Today was OK; nothing Earth-shattering. Which, in a way, bums me out. (I think I just have to get used to having settled in, and not, like, continuously moving around and looking forward to being somewhere else — or do I? I’m already looking forward to trips to PR, D, and H!) I had an interview with a possible fourth client, and that went well. I must say, this freelance thing takes a lot of patience, as there isn’t as much measurable output as one might need to feel productive. AND, it just takes a lot of time linking up with people and arranging work. I feel somewhat blah about this next project, but I’m sure I’ll rally.

No meeting for me today — figured I’d be able to OD on meetings this weekend if I end up hitting that conference. (And, why not? It’s right around the corner and how cool will I be when I get to tell people that I actually LIVE in said paradise?). I ended up spending the evening cleaning and unpacking! It feels GREAT to have my closet a little bit more organized, to have the bags off the floor and the sheets and towels and underwear in their right place. Yet…

Always a yet. Why can’t I just be happy with what is? Settling in makes me feel unsettled, that’s just a given. I am a restless mofo, and I know this about myself. It’s one of the reasons I drank. Speaking of which, at last night’s meeting, one woman shared that her biggest obstacle to acceptance was that she didn’t like the 21st century! LOL I could relate; I mean, we all have our “head” issues, our perceptions of reality that make us feel crazy/weird being human. Mine is information overload and an inability to “see through” the physical reality around me. More often than not, I would drink out of anxiety and frustration surrounding these glitches.

Anyway, yup, always in my head! Oh, well, that’s what this blog is for. Anyway…I miss my stuff in [cold east coast city]. I miss…my life. In [cold east coast city]? I’m not sure. I feel…like I’m floating. Maybe it’s time for a “real” job; it’s cool to have reached my goal of earning a living as a freelance writer, but I know — have known for a while — that it’s not something that I find all that rewarding anymore, writing/editing, and there are other things I know I’d like to spend my time doing.

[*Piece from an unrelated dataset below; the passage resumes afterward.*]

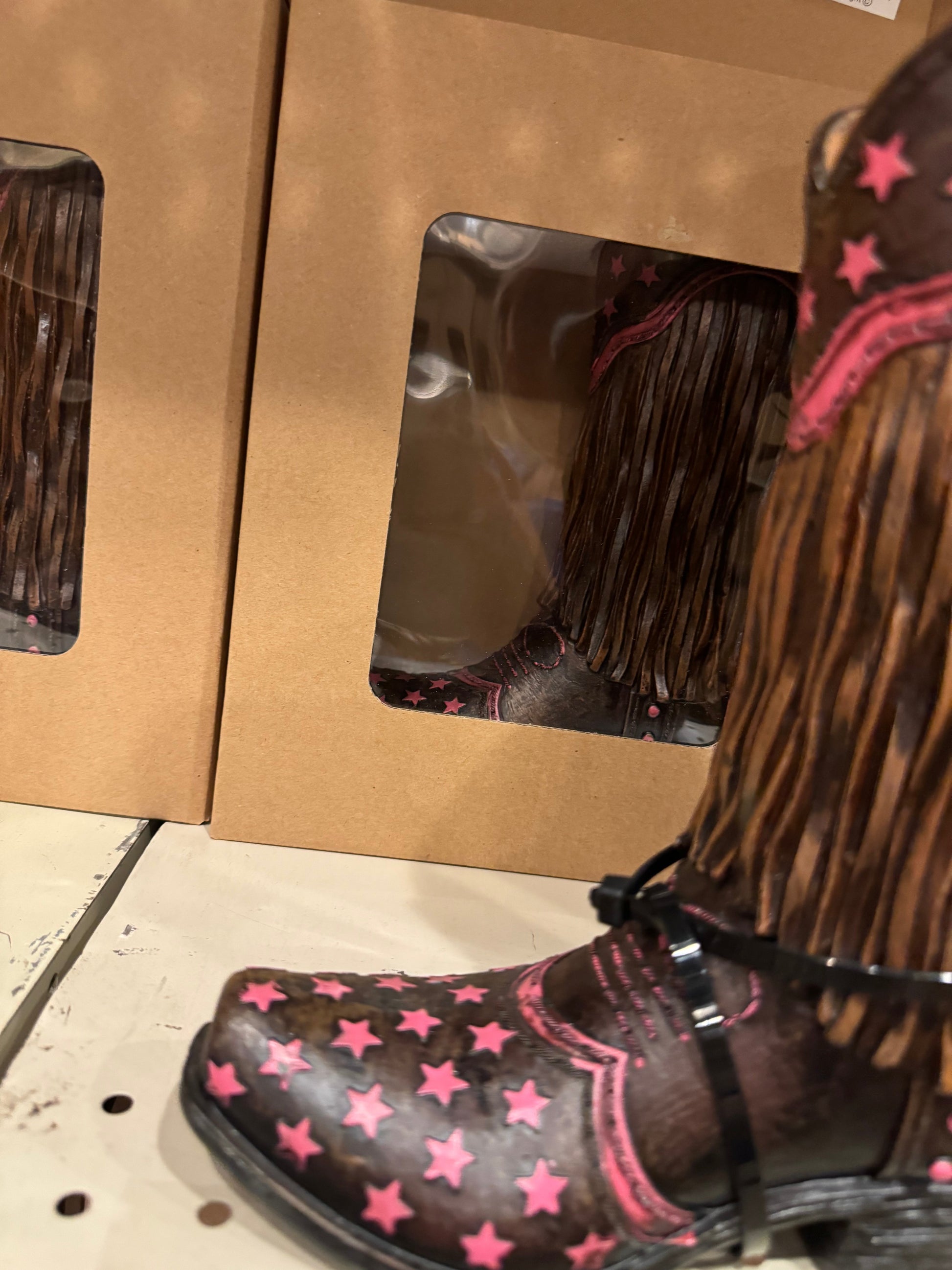 This Pink Fringe Star Boot Vase is a stylish and modern addition to your home decor. Made of durable and high-quality resin, this boot-shaped vase measures 9x7.5x3" and will add a unique touch to any room. Perfect for displaying your favorite flowers or as a standalone statement piece.

All in due time. One day at a time. I have trouble with this, so I’m just going to calmly shut my laptop and Turn It Off.

Oh, and: 14 days, kids! And, really, very little desire to drink; very large desire to keep working, moving forward, and keeping the “wine gut” to a bare minimum (I think I can safely transition to using the more aptly named “blueberry muffin gut” now).